Great, we've been trying to track this down for a long time!

[cstyan]

seems fixed in prometheus/common#179 ?

[simonpasquier]

This needs a new tag for prometheus/common and an update of the dependency in this repo.

[brian-brazil]

I'll be doing that tomorrow.

…

On Tue 9 Apr 2019, 16:32 Simon Pasquier, ***@***.***> wrote: This needs a new tag for prometheus/common and an update of the dependency in this repo. — You are receiving this because you commented.
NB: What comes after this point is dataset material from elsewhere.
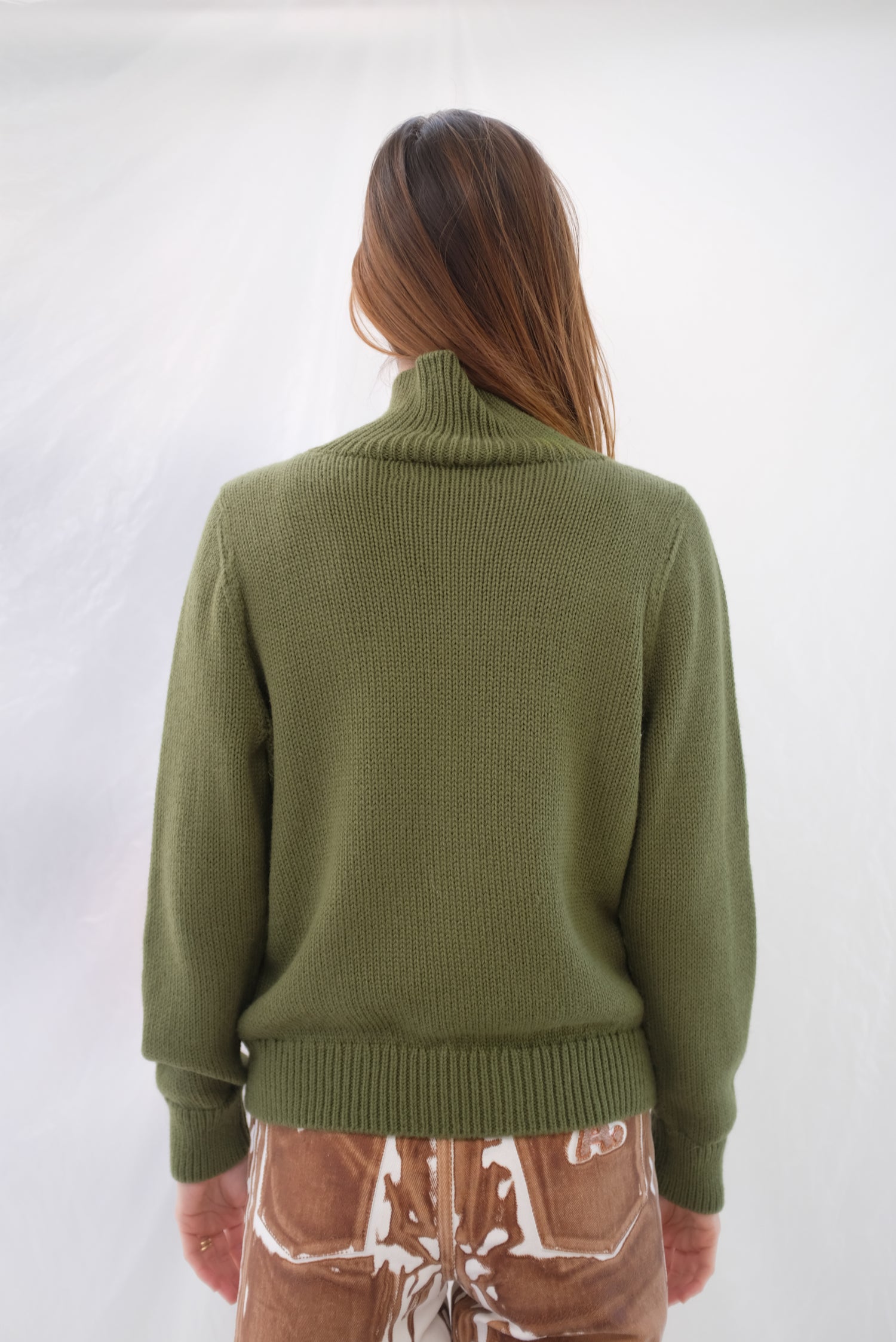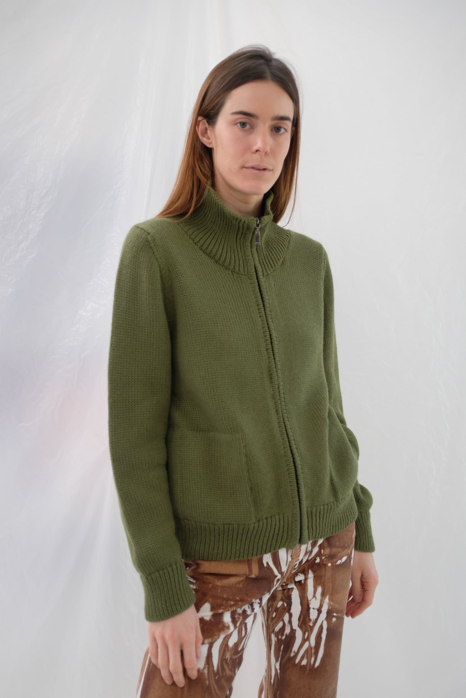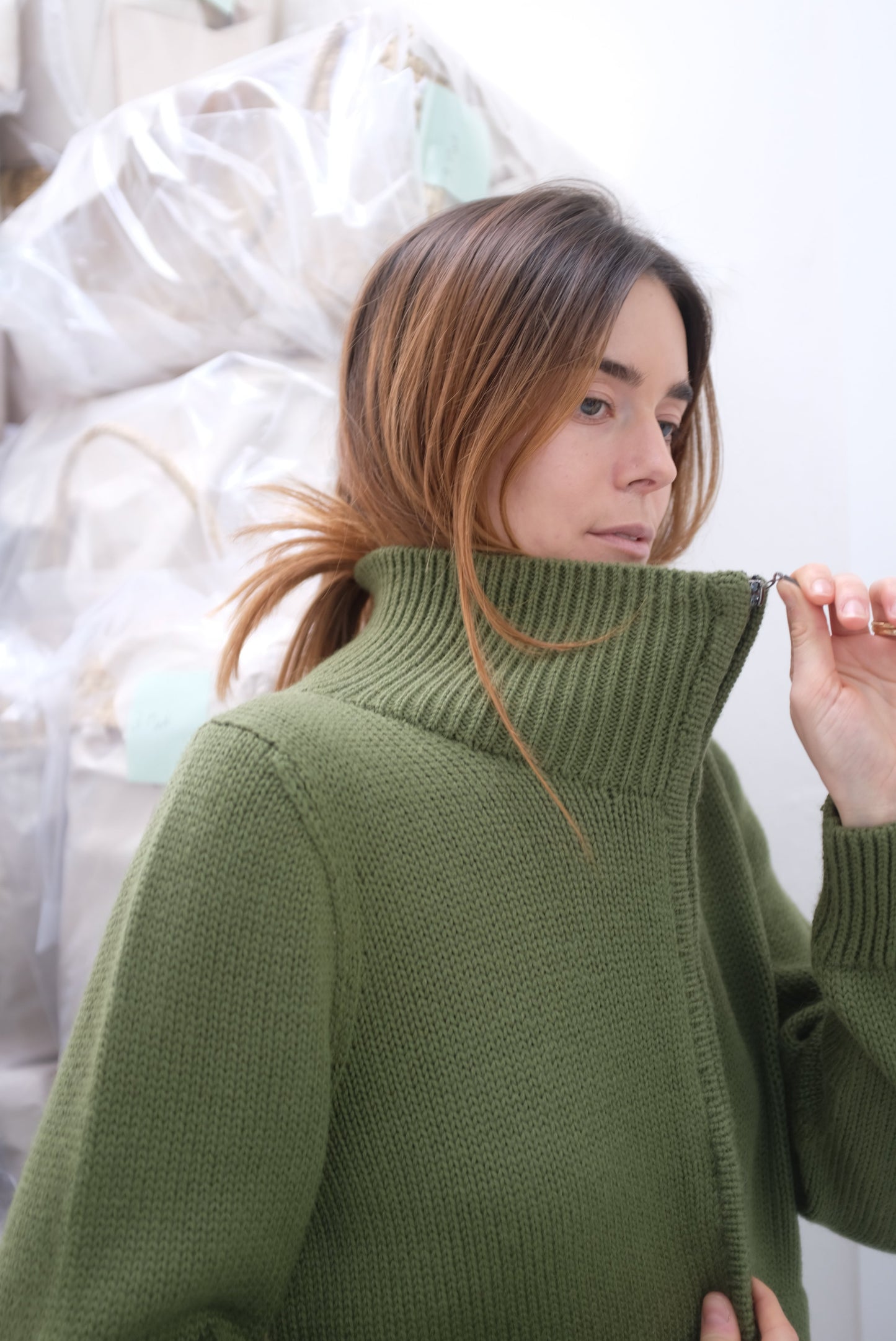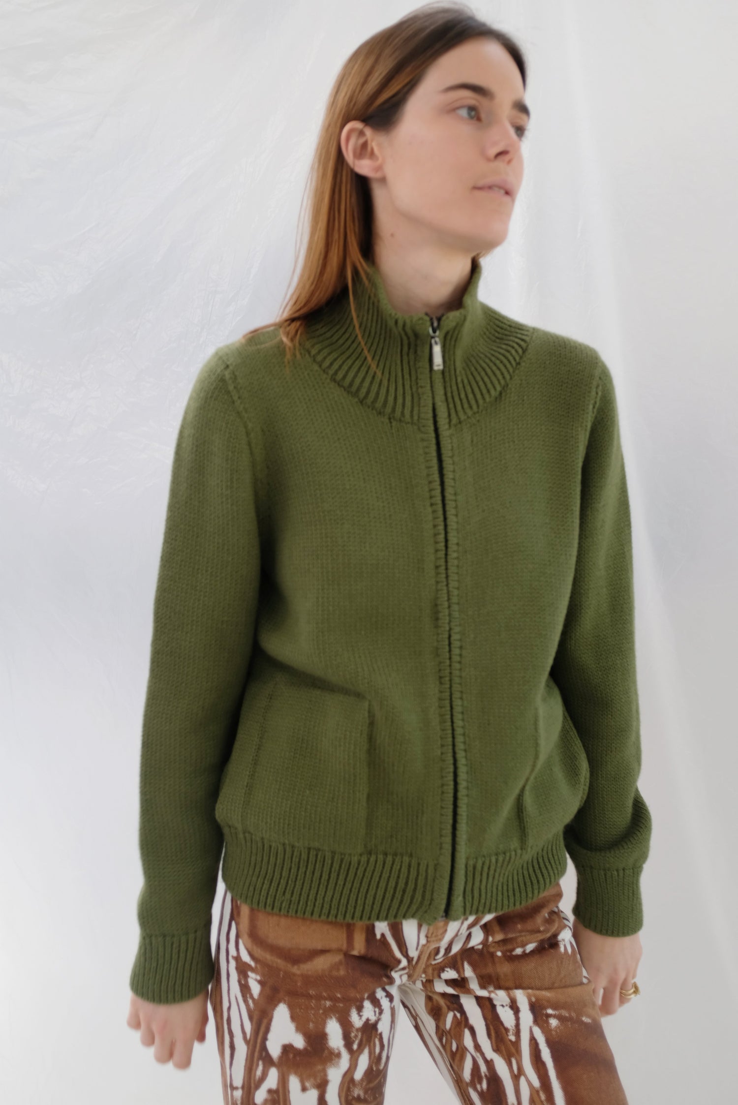 100% Baby Alpaca ultra luxurious hand knit, long sleeved, full zip-up front with a 5" ribbed zip-through stand-up collar for warmth and soft comfort. 2.5” ribbed cuff at waist and wrist, generous side pockets. Functions as a sweater or jacket.

Reply to this email directly, view it on GitHub <#5394 (comment)>, or mute the thread <https://github.com/notifications/unsubscribe-auth/AGyTdoQWv-d7rQassKiQm6gmer963Ij8ks5vfLKbgaJpZM4cBTQ_> .

[BenoitKnecht]

As I mentioned, the blackbox_exporter can run into the same issue and should also be made to depend on the updated prometheus/common version.

Should I open an issue for that in prometheus/blackbox_exporter, or will you go through all the Prometheus projects and update that dependency anyway?

[brian-brazil]

Blackbox exporter is more complicated to do, as we can't use the current version of common.